Sure. Are they in that unmarked white van with darkened windows?

As for post Z=120 nuclides, what would we name the new group?

Well, we are calling them superheavy elements up to z=126. After that...

Wait for it...

BEYOND SUPERHEAVY ELEMENTS!

Seriously, that's the official name. I guess it's because nobody's really sure if we're going to be forming a superactinide series or not - the predictions for where z=121 goes on the periodic table are wild.

so you mean to say the electron configurations for Z=121 and above are still up in the air?

Very much so - we're really not sure at all. There's a lot of work being done on the subject. Here's a great example from Pekka Pyykko in Finland.

Will the new elements ever be used by us?

Some are! Plutonium for example in nuclear reactors, americium is used in smoke detectors, californium is used in the Mars rover.

But the really heavy ones? At the moment it's hard to say. If they remain as unstable as they are, it's doubtful - they are too short-lived to be of any practical use (or even to see them, some last ten-thousandths of a second). However! If we can hit the 'island of stability' - a region we believe exists where these elements are more stable - then we could in theory use them.

Realistically though, at the moment their main use is understanding how the universe is put together. Which is still pretty cool.

Californium is not the fuel for any RTGs that I know of. The US (and by extension, Curiosity and the as-yet unnamed Mars 2020 rover) uses ²³⁸Pu. The Soviets used ⁹⁰Sr. There's been some experimental work with ²¹⁰Po and ²⁴¹Am. But nothing with Californium. It is used though, as a startup neutron source, a source for neutron activation analysis, and for certain kinds of radiotherapy. And for creating new elements, of course (It's what Oganessian and the Dubna team used to make oganesson).

That we use ²³⁸Pu was actually a problem, since we stopped making it (well, reclaiming it) for a while - NASA's supply was dwindling until Oak Ridge recently started making more in the High Flux Neutron Reactor.

You're right that I didn't mean californium, I meant curium (I was typing rather quickly).

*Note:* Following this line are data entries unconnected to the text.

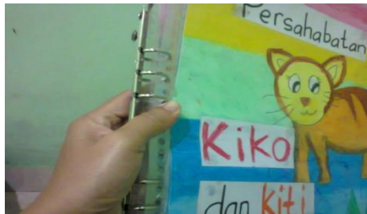
Gambar 5. Menyatukan semua dari isi big book

Kelima , bagian akhir dari pembuatan media big book ini adalah gabungkan semua gambar dengan urut dengan menggunakan spiral dari binder bekas. Dan jadilah big book sederhana.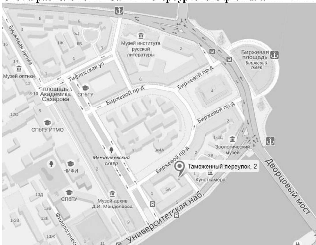
Схема расположения Санкт-Петербургского филиала ИИЕТ РАН

Санкт-Петербург 199034, Таможенный пер., д. 2, конференц-зал ИИЕТ РАН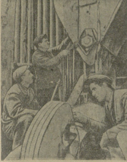
სურათში: კურჩუდ-ღის ნავთობმწვერავო მეგიდოვის მოწინავე ბრძოლა...

კურჩუთან ვა აზერბაიჯან რესპუბლიკა... ვადამდე რაგები... სანი ოთხი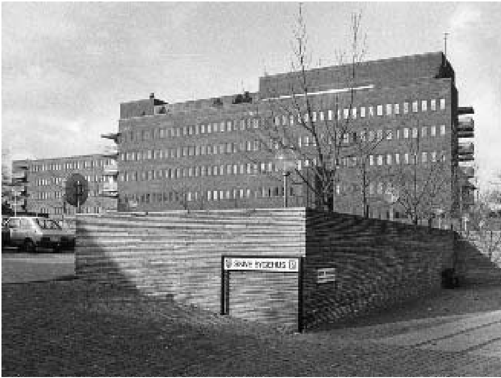
De nye afdelinger på Skive Sygehus.

naboen, Nordre Skole, til Viborg Amt, for at området kunne bruges til yderligere sygehusudvidelser. Amtet gjorde et godt køb, for Skive byråd lagde stor vægt på at bevare sygehuset i Skive!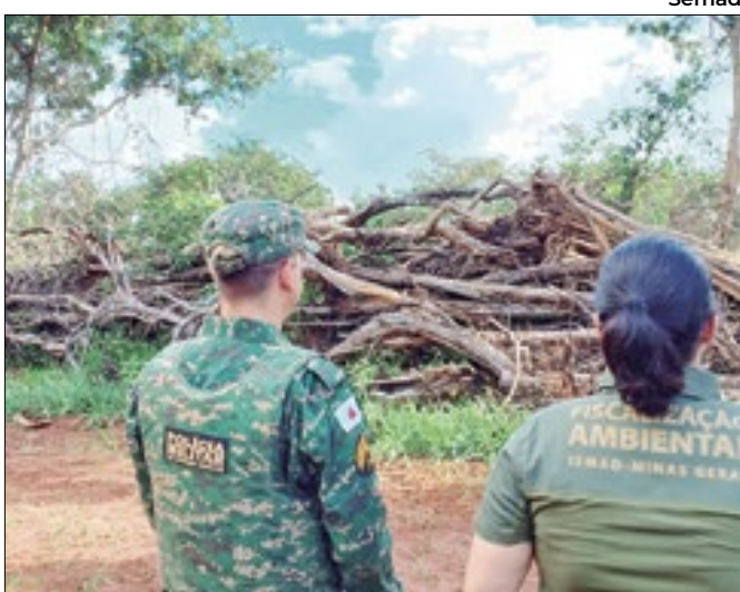
Ao todo, 20 alvos foram fiscalizados

But I never said it was used as a fuel source - it's used for spectrometry.

Great thread. I know jack shit about chemistry but the periodic table has always fascinated me. Why is it so damn beautiful? It’s like looking at a Picasso or something,... seriously why is it so beautiful to look at? Or is it just me?

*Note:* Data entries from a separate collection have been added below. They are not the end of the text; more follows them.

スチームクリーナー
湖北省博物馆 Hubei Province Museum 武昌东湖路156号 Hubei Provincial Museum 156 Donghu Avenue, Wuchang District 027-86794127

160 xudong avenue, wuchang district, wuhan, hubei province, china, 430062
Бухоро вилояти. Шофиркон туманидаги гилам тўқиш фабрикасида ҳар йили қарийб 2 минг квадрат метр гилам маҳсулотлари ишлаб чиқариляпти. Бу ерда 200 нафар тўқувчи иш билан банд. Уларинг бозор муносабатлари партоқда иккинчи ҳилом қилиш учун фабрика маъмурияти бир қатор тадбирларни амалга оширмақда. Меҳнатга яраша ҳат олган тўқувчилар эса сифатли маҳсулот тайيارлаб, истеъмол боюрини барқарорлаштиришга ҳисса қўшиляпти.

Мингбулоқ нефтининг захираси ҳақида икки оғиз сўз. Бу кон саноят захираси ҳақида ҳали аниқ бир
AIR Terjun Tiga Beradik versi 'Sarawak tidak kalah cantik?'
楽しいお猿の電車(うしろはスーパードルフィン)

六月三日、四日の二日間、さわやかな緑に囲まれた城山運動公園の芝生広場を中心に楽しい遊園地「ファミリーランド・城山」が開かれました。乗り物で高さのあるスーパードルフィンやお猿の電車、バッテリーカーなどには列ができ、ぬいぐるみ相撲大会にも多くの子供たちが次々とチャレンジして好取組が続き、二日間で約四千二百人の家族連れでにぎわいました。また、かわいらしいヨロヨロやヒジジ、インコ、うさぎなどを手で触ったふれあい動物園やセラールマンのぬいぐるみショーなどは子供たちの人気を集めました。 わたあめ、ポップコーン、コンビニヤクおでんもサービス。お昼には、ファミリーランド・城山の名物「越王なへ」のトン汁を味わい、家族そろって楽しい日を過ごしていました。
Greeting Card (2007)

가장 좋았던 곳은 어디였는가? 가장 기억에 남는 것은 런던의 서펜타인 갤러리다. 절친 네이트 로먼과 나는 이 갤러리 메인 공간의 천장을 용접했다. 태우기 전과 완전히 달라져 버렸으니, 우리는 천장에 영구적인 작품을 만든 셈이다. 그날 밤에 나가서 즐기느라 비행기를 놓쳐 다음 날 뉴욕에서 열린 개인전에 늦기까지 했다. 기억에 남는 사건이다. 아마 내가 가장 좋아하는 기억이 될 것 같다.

The shape of the periodic table is, to a scientist, elegant in its simplicity. You could have arranged it in many ways (and many people do - here's a whole feature on different shapes) but the classic version gives you everything you need at a glance. It's ordered in proton number, but from left to right you can see the electron configurations; looking down you can see groups and how similar elements behave; you can tell if something is a metal, understand how our building blocks of the universe relate to each other. And, at the bottom, away on a naughty step, we have the lanthanides and actinides - outcasts that are fascinating to understand. The names are evocative, the symbols hint as a mystery that you can understand with patience and study.

It's a wonderful thing.

What's your favorite periodic table?

The one I have signed by all the living element discoverers. :)

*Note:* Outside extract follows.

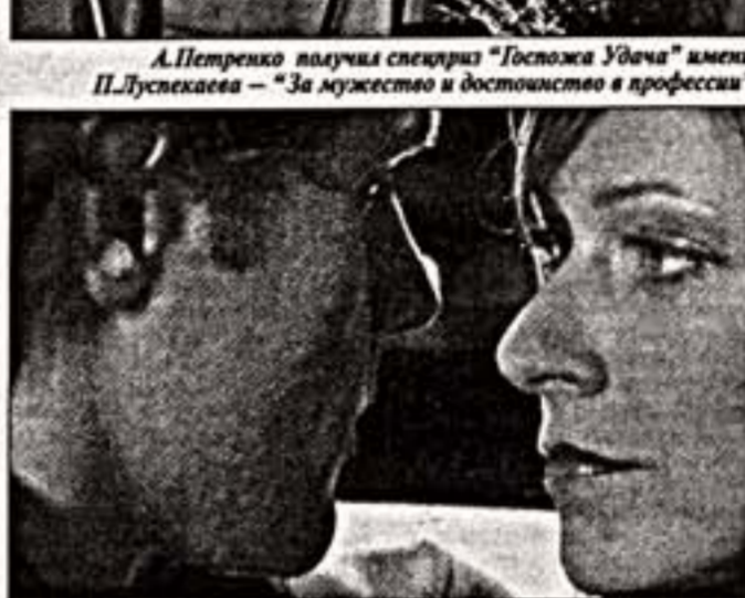
Кадры из фильмов "Осенний бал" и "Коллекционерша"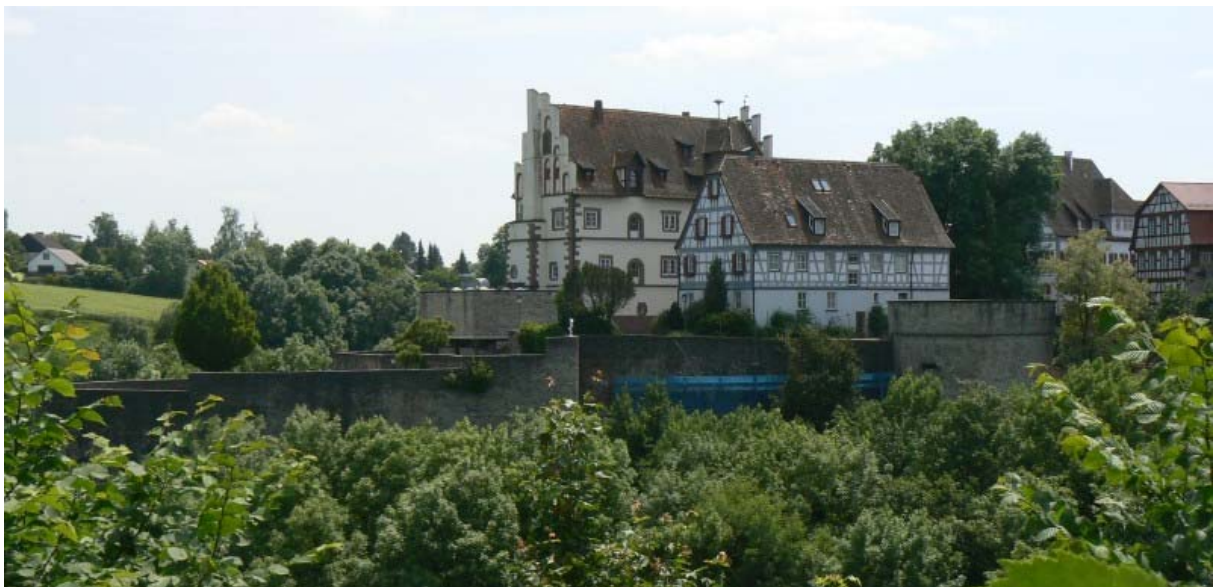
Schloss Vellberg von der Stöckenburg gesehen

Malerisch schön thront das Hohenloher Städtchen Vellberg über einer Schleife des Flusses Bühler. Schloss und Altstadt bilden dabei ähnlich wie im nördlich gelegenen Kirchberg an der Jagst 1 oder der hohenloheschen Waldenburg 2 eine harmonische und verteidigungstechnische Einheit. Mit Gräben, Zwingern, Bastionen und Ecktürmen und einem rundum laufenden unterirdischen Wehrgang geschützt, macht dieser Ort heute noch einen wehrhaften und mittelalterlichen Eindruck im Grün der ihn umgebenden Natur. Den Wanderer locken die malerischen, renovierten Gassen und Gebäude und die weitläufige Landschaft der Limpurger und Ellwanger Berge.

Any chance you could post a picture of it? That sounds amazing!

Feast your eyes, dude!

Whats one of the most interesting thing/fact about this field you're studying?

We wouldn't have KFC if it wasn't for the Manhattan Project. The scale-up for plutonium was worked out at the world's first permanent reactor at a secret base in Tennessee called Oak Ridge. And the assistant cafeteria manager for Oak Ridge? Harland Sanders. Afterwards he set up Kentucky Fried Chicken.

If you want a science fact? One of the labs separates its plutonium using an anal vibrator. It's easy to clean, has exactly the right rpm and is cheap to replace. Also it can be used for up to 45 minutes continuously.

I’m laughing, crying and broke at this!!!🤣🤣 Such creative ingenuity! I’m imagining the brave soul who offered the suggestion explaining his knowledge of said device to the pencil pushers !!🤣🤣🤣🤣🤣🤣

Well, it did raise a few eyebrows at procurement. I feel sorry for the undergrad who had to go back to the sex shop and tell them the first one had broken from overuse and they wanted another one...

A number of superhero origin stories have to do with research lab accidents. You've got a lab with plutonium (nicknamed Pu cuz bad smell) and an anal vibrator. This story just writes itself.

Dude, the Japanese put brewing yeast in their particle accelerator and bombarded it to create mutant sake (which they now sell). They did the same thing with cherry blossom to make mutant trees (which, again, they now sell).

Actually, that's probably not a superhero origin story, that's a kaiju origin story, isn't it?

You wouldn’t happen to know where to get one’s hands on this mutant sake and these mutant cherry trees, would you?

Wako, Japan. It's sold in shops!

What is the plutonium being seperated from?

​

And how does a simple buzzing butt plug manage to do the job?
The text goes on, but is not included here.